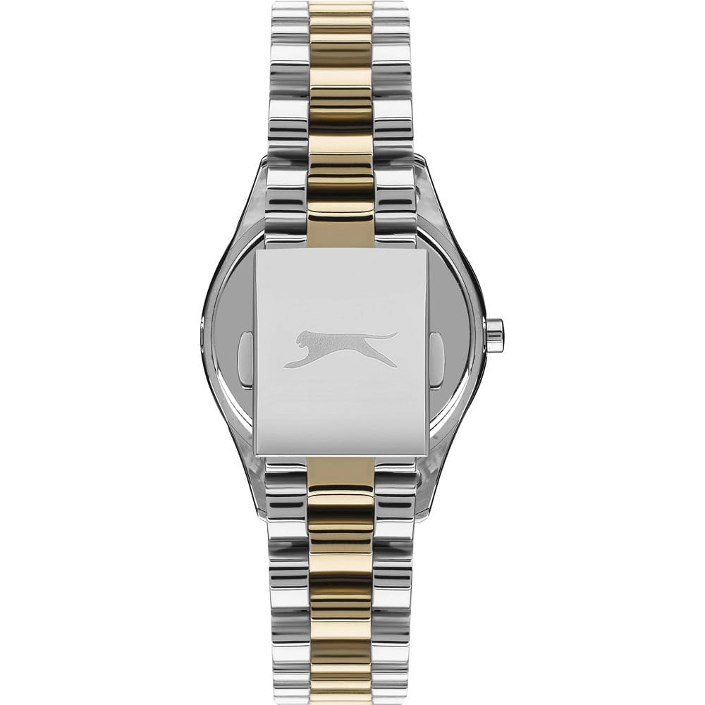 Женские кварцевые часы Slazenger — это элегантный аксессуар. Корпус диаметром 34 мм и толщиной 9 мм выполнен из суперметалла. БезельБезельВнешний ободок, закрепляющий стекло. В спортивных часах так называется поворотное кольцо с делениями на циферблате, выполняет роль таймера – замеряет отрезки времени на шкале. Неподвижный безель – элемент декора. Однонаправленно вращающийся безель на дайверских часах позволяет фиксировать моменты погружения и выныривания на поверхность. с IP-покрытиемIP-покрытиеМетод ионного напыления. Демонстрирует повышенную устойчивость к истиранию, окислению и химическим веществам. Под воздействием высокого давления и температуры около 1500°C молекулы металла надёжно соединяются с частицами корпуса часов.. Циферблат серебристого цвета оформлен индексами и стрелками. Циферблат защищён минеральным стекломМинеральное стеклоМинеральное стекло представляет собой искусственно выращенный минерал кварца. Такое стекло отличается особой устойчивостью к повреждениям и царапинам. Уступает по некоторым качествам сапфировому стеклу.. Механизм — кварцевый калибр Miyota 2035. Часы оснащены браслетом из суперметалла с частичным IP-покрытиемIP-покрытиеМетод ионного напыления. Демонстрирует повышенную устойчивость к истиранию, окислению и химическим веществам. Под воздействием высокого давления и температуры около 1500°C молекулы металла надёжно соединяются с частицами корпуса часов. на раскладной застёжкеРаскладная застёжкаТакой тип застёжки используется только на браслетах из металла. Она никогда не раскрывается полностью, происходит разделение на 2 и более частей. Раскладывающая застёжка снизит вероятность потери часов к минимуму.. Водонепроницаемость 30 м позволяет использовать часы в повседневных условиях. Идеальный выбор для тех, кто ценит стиль и качество.
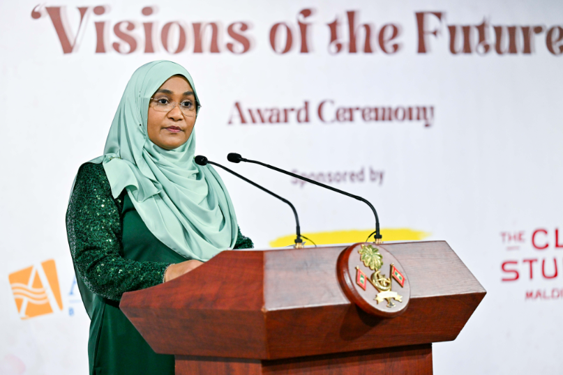 "ވިޝަންސް އޮފް ދަ ފިއުޗަރ" ކުރެހުމުގެ މުބާރާތުގެ އިނާމު ދިނުމުގެ ރަސްމިއްޔާތުގައި ރައީސްގެ އަނބިކަނބަލުން ސާޖިދާ މުހައްމަދު ވާހަކަފުޅު ދައްކަވަނީ
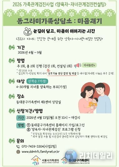 리치데일리 김상현 기자 | 서울 동대문구는 건강한 가족관계 형성과 의사소통 증진을 위해 ‘2026 가족관계검진사업’을 본격 운영한다고 밝혔다.
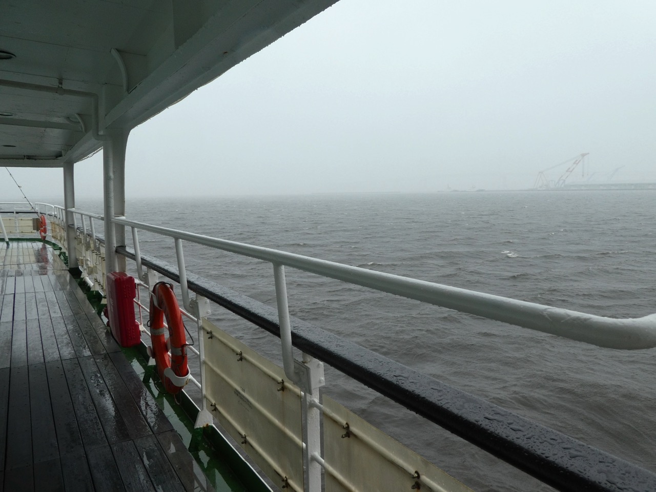 階段なんかは昔の船だけあって、たしかにせせこましいですが、甲板の開放通路なんかは客船そのもの。レストランが船になった船とはさすがに違います。船好きにもこたえられません。
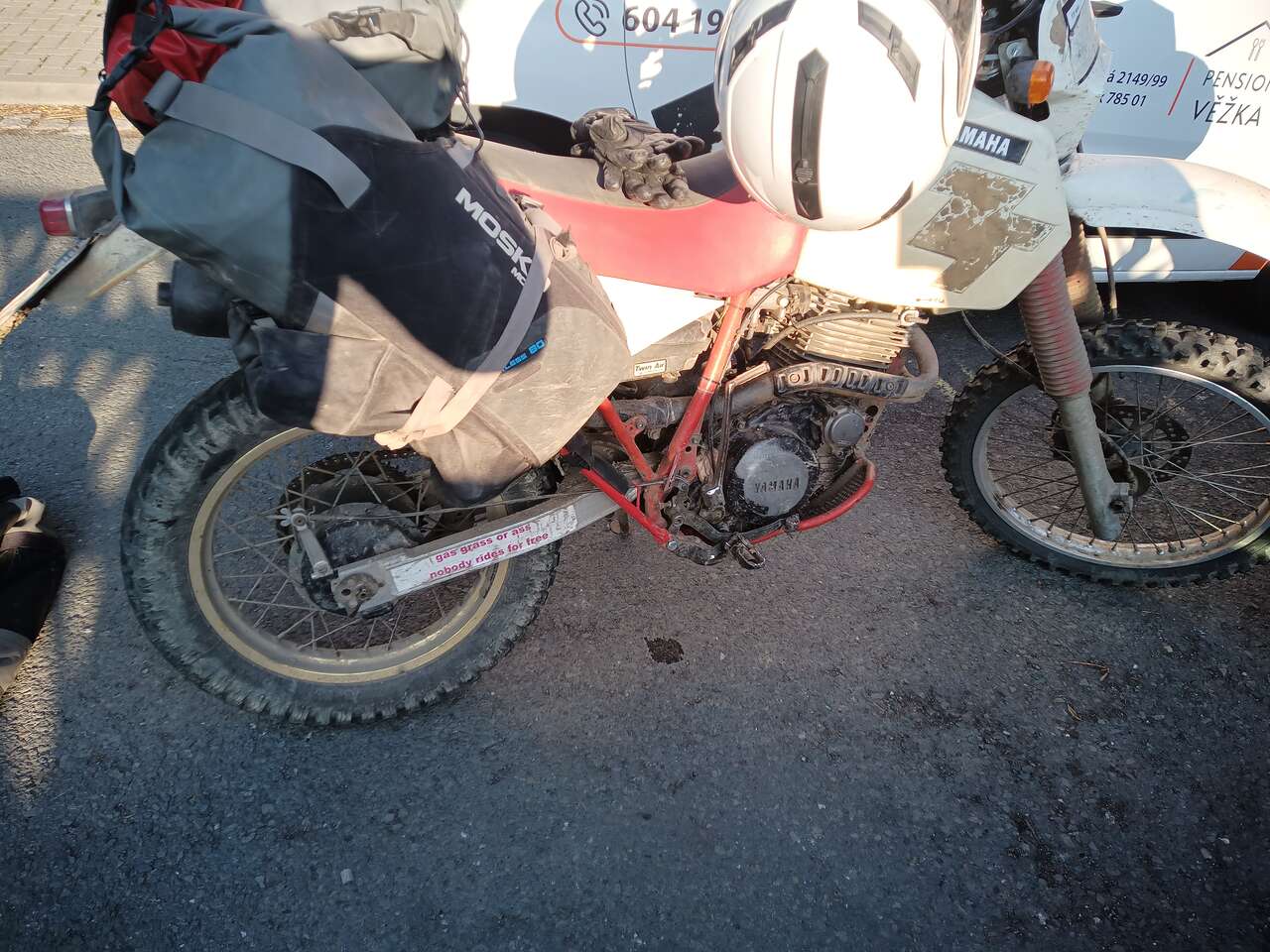 Wir müssen also das Loch irgendwie zubekommen und den Freilauf ausrücken, dann könnten wir die TT sicher anschieben, um ins nächste Dorf zu kommen.
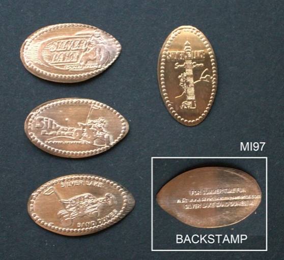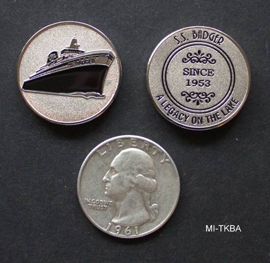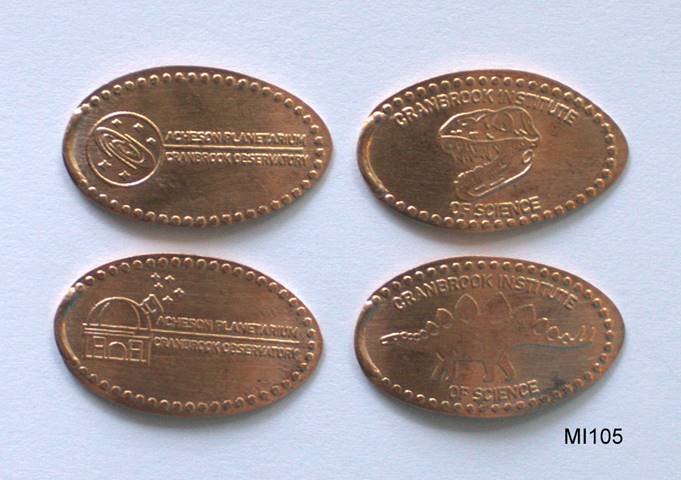 that have been cleaned and polished for a bright shine. Designs: Michigan map “fresh water spoiled”; pier with
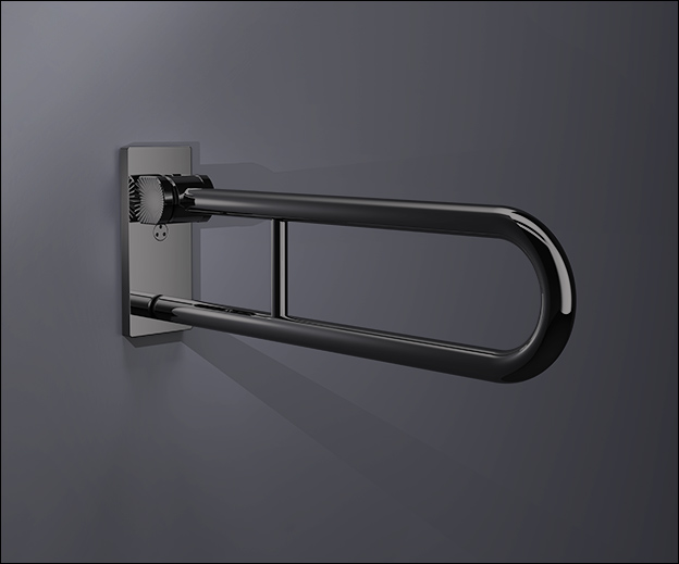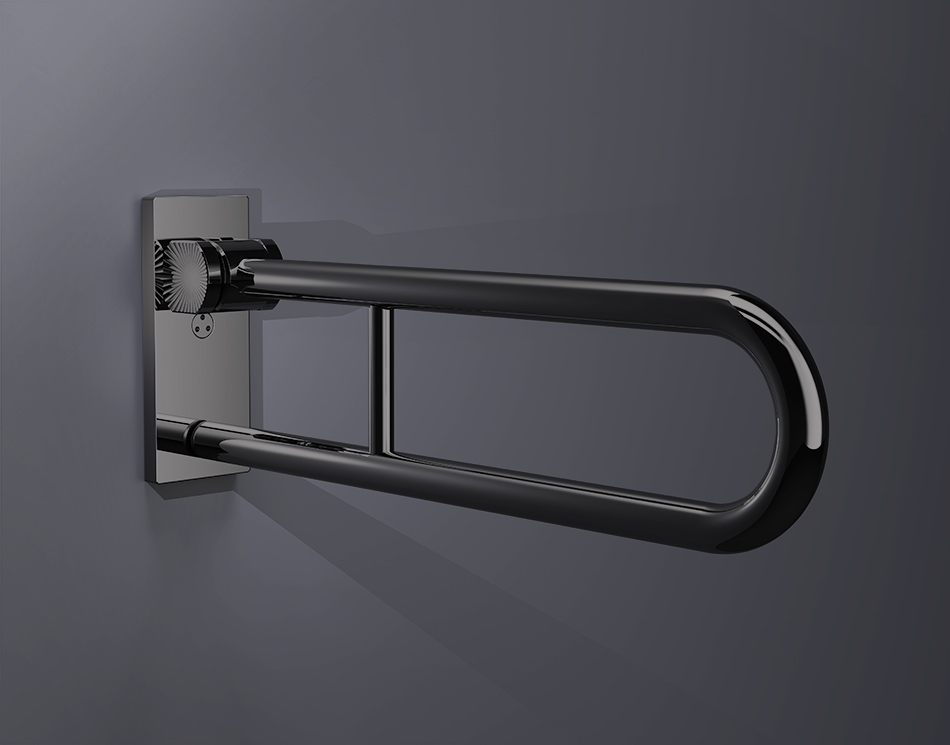 Bring a bold, design-led finish to accessible bathrooms with the Helo hinged double grab bar in PVD black chrome. This wall-mounted folding support rail is made for spaces where reliable assistance is essential, but you dont want the usual clinical look.

• _Task prompt_
Everything in the entries must come back exactly, except the pictures.

• _Answer to this exercise_
 Женские кварцевые часы Slazenger — это элегантный аксессуар. Корпус диаметром 34 мм и толщиной 9 мм выполнен из суперметалла. БезельБезельВнешний ободок, закрепляющий стекло. В спортивных часах так называется поворотное кольцо с делениями на циферблате, выполняет роль таймера – замеряет отрезки времени на шкале. Неподвижный безель – элемент декора. Однонаправленно вращающийся безель на дайверских часах позволяет фиксировать моменты погружения и выныривания на поверхность. с IP-покрытиемIP-покрытиеМетод ионного напыления. Демонстрирует повышенную устойчивость к истиранию, окислению и химическим веществам. Под воздействием высокого давления и температуры около 1500°C молекулы металла надёжно соединяются с частицами корпуса часов.. Циферблат серебристого цвета оформлен индексами и стрелками. Циферблат защищён минеральным стекломМинеральное стеклоМинеральное стекло представляет собой искусственно выращенный минерал кварца. Такое стекло отличается особой устойчивостью к повреждениям и царапинам. Уступает по некоторым качествам сапфировому стеклу.. Механизм — кварцевый калибр Miyota 2035. Часы оснащены браслетом из суперметалла с частичным IP-покрытиемIP-покрытиеМетод ионного напыления. Демонстрирует повышенную устойчивость к истиранию, окислению и химическим веществам. Под воздействием высокого давления и температуры около 1500°C молекулы металла надёжно соединяются с частицами корпуса часов. на раскладной застёжкеРаскладная застёжкаТакой тип застёжки используется только на браслетах из металла. Она никогда не раскрывается полностью, происходит разделение на 2 и более частей. Раскладывающая застёжка снизит вероятность потери часов к минимуму.. Водонепроницаемость 30 м позволяет использовать часы в повседневных условиях. Идеальный выбор для тех, кто ценит стиль и качество.
 "ވިޝަންސް އޮފް ދަ ފިއުޗަރ" ކުރެހުމުގެ މުބާރާތުގެ އިނާމު ދިނުމުގެ ރަސްމިއްޔާތުގައި ރައީސްގެ އަނބިކަނބަލުން ސާޖިދާ މުހައްމަދު ވާހަކަފުޅު ދައްކަވަނީ
 리치데일리 김상현 기자 | 서울 동대문구는 건강한 가족관계 형성과 의사소통 증진을 위해 ‘2026 가족관계검진사업’을 본격 운영한다고 밝혔다.
 階段なんかは昔の船だけあって、たしかにせせこましいですが、甲板の開放通路なんかは客船そのもの。レストランが船になった船とはさすがに違います。船好きにもこたえられません。
 Wir müssen also das Loch irgendwie zubekommen und den Freilauf ausrücken, dann könnten wir die TT sicher anschieben, um ins nächste Dorf zu kommen.
 that have been cleaned and polished for a bright shine. Designs: Michigan map “fresh water spoiled”; pier with
 Bring a bold, design-led finish to accessible bathrooms with the Helo hinged double grab bar in PVD black chrome. This wall-mounted folding support rail is made for spaces where reliable assistance is essential, but you dont want the usual clinical look.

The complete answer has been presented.